The first time I tried on this larger directory, duplicacy stalled after about 1400 chunks. No crash, it just stopped printing output indicating that it was uploading chunks. It stayed like that for at least half an hour. I aborted it, restarted, and went to bed.

This morning I saw it had stopped after 4096 chunks. By looking at the wasabi dashboard I can tell that the newest chunk was uploaded about 4.5 hours before I checked it. It had stalled for that long.

Duplicacy version is 2.0.7. OS is FreeBSD 11.0-STABLE.

It's actually a FreeNAS box and I have duplicacy running in a jail. One of the things that I found appealing about duplicacy is that it has native binaries for FreeBSD. CrashPlan was not easy to get going on FreeNAS because the only binaries you can use are Linux binaries.

I am now running it again with the -debug and -log options. I'll update this issue when I have more data.

Something that makes this kind of annoying is that when I hit ctrl-c it doesn't save the incomplete snapshot, so it has to rescan everything. I know that the incomplete snapshot functionality is there because I have seen it working. Now I'm scratching my head to figure out where. I think it would be on another jail on this machine. I don't know why it would have worked before but it's not working now. Maybe whatever issue is causing wasabi to hang is also preventing ctrl-c from saving the incomplete snapshot.

I saw on another issue that you said in this case you have to "force a crash" and send a stack trace, but I don't know how to do that. I'll gladly do it if you give me a little guidance.


Danny    Sep 5 1:43PM 2017

This might be new ... the program stopped.

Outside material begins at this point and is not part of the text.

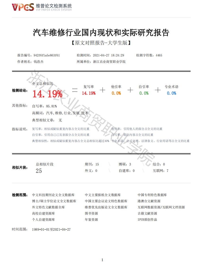 维普论文检测系统VIP PAPER CHECK SYSTEM汽车维修行业国内现状和实际研究报告【原文对照报告-大学生版】报告编号:942f6f1a5e863f61检测时间:2021-04-2718:24:29检测字符数:4465作者姓名:钱浩杰所属单位:浙江农业商贸职业学院全文总相似比复写率他引率自引率专业术语检测结论:14.19%14.19%0.0%0.0%0.0%其他指标:自写率:85.81%高频词:汽车,维修,行业,发展,技术典型相似文章:无指标说明:复写率:相似或疑似重复内容占全文的比重他引率:引用他人的部分占全文的比重自引率:引用自己已发表部分占全文的比重自写率:原创内容占全文的比重典型相似性:相似或疑似重复内容占全文总相似比超过30%专业术语:公式定理、法律条文、行业用语等占全文的比重总相似片段期刊:15博硕:3综合:0相似片段:25外文:0自建库:0互联网:7检测范围:中文科技期刊论文全文数据库中文主要报纸全文数据库中国专利特色数据库博士/硕士学位论文全文数据库中国主要会议论文特色数据库港澳台文献资源外文特色文献数据全库维普优先出版论文全文数据库互联网数据资源/互联网文档资源高校自建资源库图书资源古籍文献资源个人自建资源库年鉴资源IPUB原创作品时间范围:1989-01-01至2021-04-27维普论文检测系统VIP PAPER CHECK SYSTEM原文对照颜色标注说明:■自写片段■复写片段(相似或疑似重复)引用片段(引用)■专业术语(公式定理、法律条文、行业用语等)1979Zhejiang Agricultural Business College毕业论文(设计)题目汽车维修行业国内现状和实际研究报告专业班级汽车服务与营销201943班学号20191225329姓名钱浩杰指导教师李佳民2021年4月20日商贸职业学院汽车维修行业国内现状和实际研究报告摘要随着人们生活水平的不断提高,汽车已经逐渐成为人们重要的交通工具。而汽车保险、汽车维修、汽车美容等行业也作为市场持续增长的巨大动力迅速发展,其中汽车维修行业尤为重要。但是,目前的汽车维修行业与国外相比,在很多方面都存在着差异。时代以及社会经济的快速发展不仅在一定程度上促进了国民的日常生活水平与质量的提升,还有效促进了我国汽车销量的逐年上涨以及汽车维修行业的良好发展。但据相关调查显示,汽车维修行业在获得良好发展的同时也存在一些问题,而这些问题的存在在一定程度上阻碍了我国汽车维修行业的深入发展与进步。因此,本文针对当前我国汽车维修行业的发展趋势以及现状进行了简单的阐述,提出了几点有效促进汽车维修行业长远发展的对策,希望可以给大家带来一定的帮助。关键词:汽车维修行业现状发展对策目录引言11我国汽车维修行业的特点12我国汽车维修行业的现状12.1汽车维修观念落后12.2汽车维修技术较低22.3汽车维修行业监管不到位23汽车维修行业发展对策33.1建立汽车维修行业相关规章制度32维普论文检测系统VIP PAPER CHECK SYSTEM3.2提升汽车维修人员素质33.3注重汽车维修技术的提升44汽车维修行业发展趋势4结论5参考文献院6引言基于现代化生活背景下,汽车已经成为人们日常生活中必不可缺的一大交通工具。随着时间的不断推移,绝大多数品牌汽车在日常使用过程中会逐渐出现各种各样的小毛病与大问题,但无论是小毛病还是大问题都会影响到汽车的性能以及安全性。因此,汽车维修行业得以诞生。基于新时代视域下汽车维修行业可谓是一项朝阳产业,具有强大生命力的、能使技术突破创新并以此带动企业发展的产业,市场前景广阔,一定条件下可演变为主导产业甚至是支柱产业。但实际上与自行车、电车维修有所不同,汽车维修具有一定的复杂性与难度性。如果汽车维修行业想要获得稳定且长远的发展,那么就必须要积极改变行业乱象、提升行业整体水平。1我国汽车维修行业的特点在汽车广泛普及的今天,当前我国汽车维修行业已经逐具规模且有了特定的服务对象以及特点。具体来说当前我国汽车维修行业具有以下特点:第一,社会分散性较强。虽然当前我国大多数汽车维修行业已经拥有了一定的规模,但总体上还是呈现出一种分散性状态,普遍都是一种独立经营且独立管理的模式,根本没有形成集约化模式。第二,多样化的维修种类。多数汽车维修行业对于汽车维.修都缺乏一个明确的维修定位。除此之外还存在一种隶属关系复杂的现象。其中最为明显的就是部分汽车维修归属于汽车厂商,而有的汽车维修则是归属于个体经营。第三,汽车维修技术分布混乱且缺乏强大维修技术支撑。据相关调查显示,大多数从事汽车维修的人员都没有经过正规的培训以及学习就获得了上岗资格。从规模上来进行分类的话,当前我国汽车维修行业可分为三大类:第一类,汽车大修以及整修的汽车维修企业:第二类,汽车小修或者进行-级维护的汽车维修企业:第三类,进行汽车专项修理或维护的汽车维修企业。2我国汽车维修行业的现状2.1汽车维修观念落后有一点是我们不得不承认的,那就是近年来我国汽车维修行业确实是获得了一个良好的发展,从近几年我国汽车维修企业逐渐增加的数量上我们就能够明显的看出来。但在发展的同时却还是没有能够突破传统维修观念的束缚,即便是基于新时代背景下,但大多数汽车维修人员还是在维持着上一代汽车维修人员的观念,也可以说他们还是习惯应用老式维修。针对一些非常简单且问题不是很大的汽车维修时看,还是一如既往习惯将

2017-09-05 11:34:14.644 INFO UPLOAD_PROGRESS Uploaded chunk 6796 size 3436484, 3.95MB/s 1 day 09:51:25 6.5%
2017-09-05 11:34:15.494 ERROR UPLOAD_CHUNK Failed to upload the chunk 1e7687fa046669d7dcf20956cc0baa1c9bdc4cf50d5654c50528771b5285fddd: XAmzContentSHA256Mismatch: The provided 'x-amz-content-sha256' header does not match what was computed.
        status code: 400, request id: 0756E4C61BDEA13A, host id: JT6/IBwG98s1mQdou1/lS/78m5GH62T0UWWUSJ4etb0zIJiR2Yfb6xz06yl2b31qkwzLpCF9gyde


gchen    Sep 5 2:48PM 2017

Was this a new error, or the same error that caused the process to hang? Can it be reproducible?

You can also try s3c:// instead s3://. The default s3 backend uses https://github.com/aws/aws-sdk-go, while s3c uses https://github.com/goamz/goamz.


Danny    Sep 5 4:23PM 2017

There was no error printed when it hung before, but I wasn't using -log or -debug the first couple of times.

I restarted the process and let it run into chunk ~9000 or so. It was still working fine then, but I interrupted it again to see if it saved the incomplete snapshot when it's working fine, or if it would still fail to do so. It still failed to save the incomplete snapshot.

I thought the chunk uploading error might be essentially a transmission checksum error, which is kind of believable because the link to this computer on my LAN should be 1Gbps but is in fact less than 100Mbps at best, making me think the transmission medium was boned. This motivated me to finally troubleshoot that issue properly and I replaced a faulty network cable.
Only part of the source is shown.